Manage a hub’s user environment#

Update the default user environment#

The default user environment is specified in its own GitHub repository, located at 2i2c-org/2i2c-hubs-image.

The image is built and pushed using jupyterhub/repo2docker-action to the 2i2c-hubs-image repository on quay.io.

To update this environment:

  1. Make the changes you need to make to the environment, by editing the files in the 2i2c-hubs-image repository and open a pull request. This will also provide you the ability to test your changes on Binder to make sure everything works as expected.

  2. Once the PR is merged or a commit to the main branch happens, the new image will be pushed to the registry.

  3. Get the latest tag from the tags section in quay.io

  4. Update jupyterhub.singleuser.image.tag in helm-charts/basehub/values.yaml with this tag.

Use a custom user image#

Community hubs use an image we curate as the default. This can be replaced with your own custom image fairly easily.
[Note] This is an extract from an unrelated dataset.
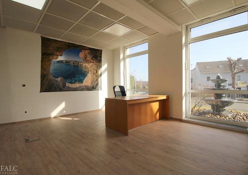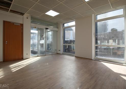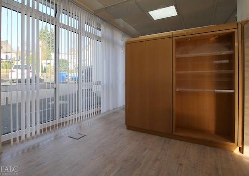 Sie profitieren von einem repräsentativen Eingangsbereich mit automatischer Schiebetür und großzügigen modernen Büro-, Praxis- oder Verkaufsflächen. Die Gewerbefläche teilt sich aktuell in eine Großfläche mit ca. 87 m² und drei Büros mit ca. 35 m², ca. 22 m² und ca. 12 m² auf. Alle Räume sind mit großen Fensterflächen versehen und sind somit hell und freundlich. Das Beleuchtungskonzept sorgt für zusätzliche Helligkeit. Sollte es zu hell sein, sorgen Jalousien für Verschattungsmöglichkeiten. Eine Teeküche, sanitären Anlagen sowie weitere Neben- und Kellerräume befinden sich im Untergeschoss.
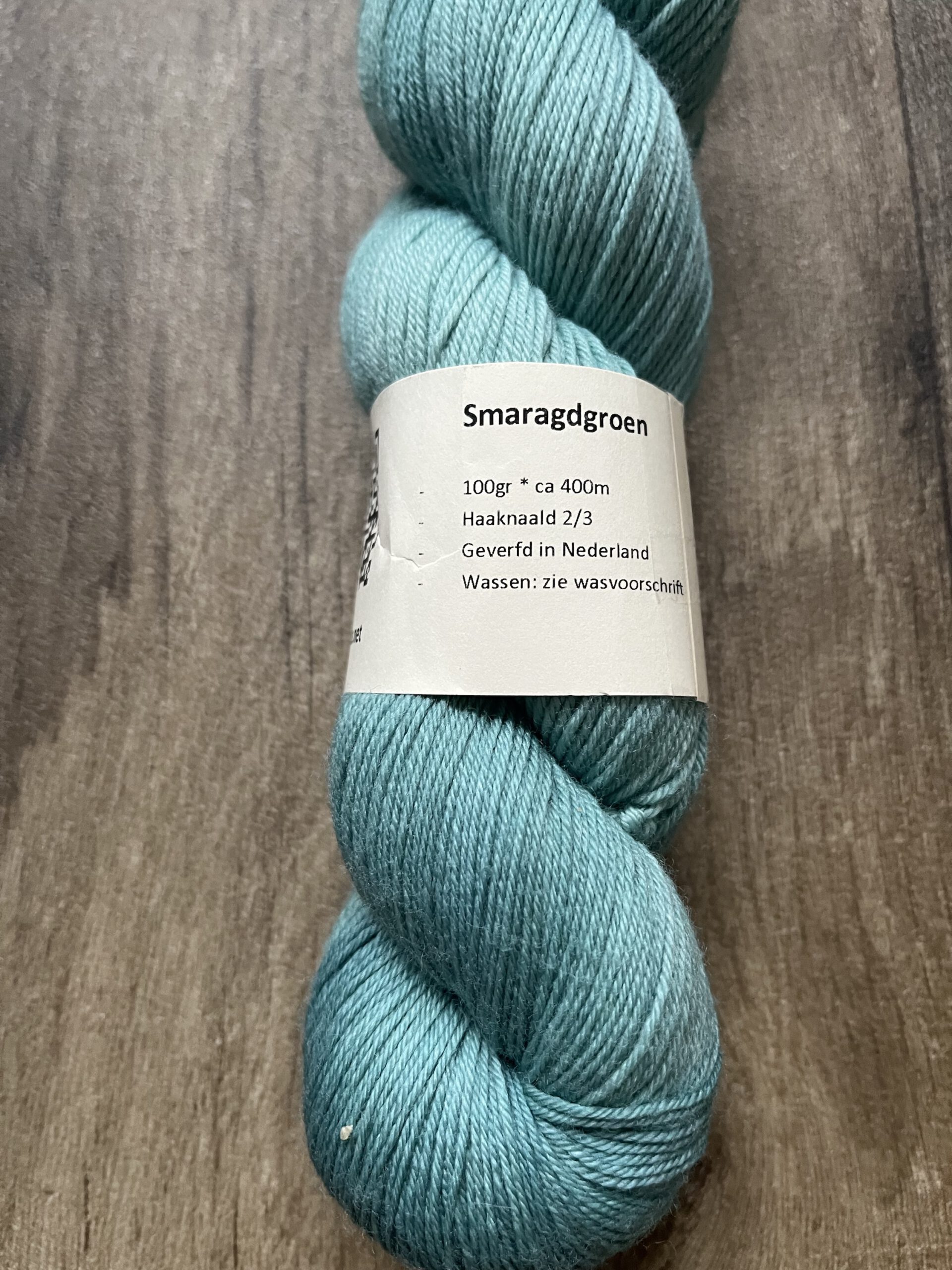 Handgeverfde wollen garen in de kleur Smaragdgroen.

However, custom images should be maintained by the hub admins, and we won’t be able to help much with things in it.

Image requirements#

On top of whatever you are using, your image should match the following requirements:

  1. The jupyterhub package is installed in such a way that the command jupyterhub-singleuser works when executed with the image. 99% of the time, this just means you need to install the jupyterhub python package.

  2. Everything should be able to run as a non-root user, most likely with a uid 1000.

There are a few options to help make this easier.

  1. Use repo2docker to build your image.

  2. Use a pangeo curated docker image. They have an ‘onbuild’ variant of their images that lets you easily customize them.

  3. Use a jupyter curated docker image.

Nothing will be installed on top of this by us, so you really have full control of what goes in your environment.

Which image registry to use?#

While you can push your image to dockerhub, it now has pretty strict usage limits. This could cause disruptions in your hub if a new image can not be pulled due to these rate limits. We recommend the following image repositories:

  1. quay.io. Owned by RedHat / IBM. Easiest to get started in, and recommended as the default

  2. Google Artifact Registry, if you already have infrastructure running on Google Cloud.

  3. AWS Elastic Container Registry if you already have infrastructure running on AWS.

  4. GitHub container registry. It integrates better with GitHub, but doesn’t have a clear policy on rate limits yet.

Configuring your hub to use the custom image#

We define arbitrary zero to jupyterhub on kubernetes values in config/clusters/CLUSTER_NAME/HUB_NAME.values.yaml files, which we can use to set the image name and tag. Here are some example values with only the useful bits.

jupyterhub:
  singleuser:
    image:
      name: pangeo/pangeo-notebook
      tag: "2020.12.08"

This can be any image name & tag available in a public container registry.

Whenever you push a new image, you should make a PR that updates the tag here. Only on merge will the hub get the new image.

Another way to update the image is to use the configurator.

Split up an image for use with the repo2docker-action#

Sometimes we have user images defined in a repo, and we want to extract it to a standalone repo so it can be used with the repo2docker action. But we want to retain full history of the image still, so we can look back and see why things are the way they are, as well as credit the people who contributed over time. This page documents the git-fu required to make this happen.

  1. Clone the base repository you are extracting the image from. We will be performing destructive operations on this clone, so it has to be a fresh clone.

    git clone <base-repo-url> <hub-image> --origin source
    

    We name the directory <hub-image> as that would be the name of the repo with just the user image. We ask git to name the remote it creates be called source, as we will create a new GitHub repo later that will be origin.

  2. Make sure git-filter-repo is installed. It should be available in brew or other package managers

  3. Run git-filter-repo to remove everything from the repo except the image directory.

     git filter-repo --subdirectory-filter <path-to-image-directory> --force
    

    The repo root directory now contains the contents of <path-to-image-directory>, as well as full git history for any commits that touched it! This way, we do not lose history or attribution.

  4. Create a user image repository in GitHub based off this template. The template makes it much easier to setup repo2docker-action on it.

  5. Add the new user image repo as a remote you can push commits to / pull commits from. This will be the primary location of this repo now, so let’s call it origin.

    git remote add origin git@github.com:<your-org-or-user-name>/<your-repo-name>.git
    
  6. Fetch the new repo and check out the main branch, as that is the final destination for our image contents.

     git fetch origin
     git checkout main
    
  7. Remove the environment.yml file from the repo - it is present as an example only, and we have our own we are bringing.

    git rm environment.yml
    git commit -m 'Remove unused environment.yml file'
    
  8. Merge the branch we prepared earlier with just our image contents into this main branch, while telling git to not freak out about them being from different repos initially.

    git merge staging --allow-unrelated-histories  -m 'Bringing in image directory from deployment repo'
    git push origin main
    

    In this case, staging was the name of the branch in the source repo, and main is the name of the main branch in the new user image repo.

  9. Now follow the instructions in the README of your new repo to complete setting up the repo2docker action as well as using this on your hub!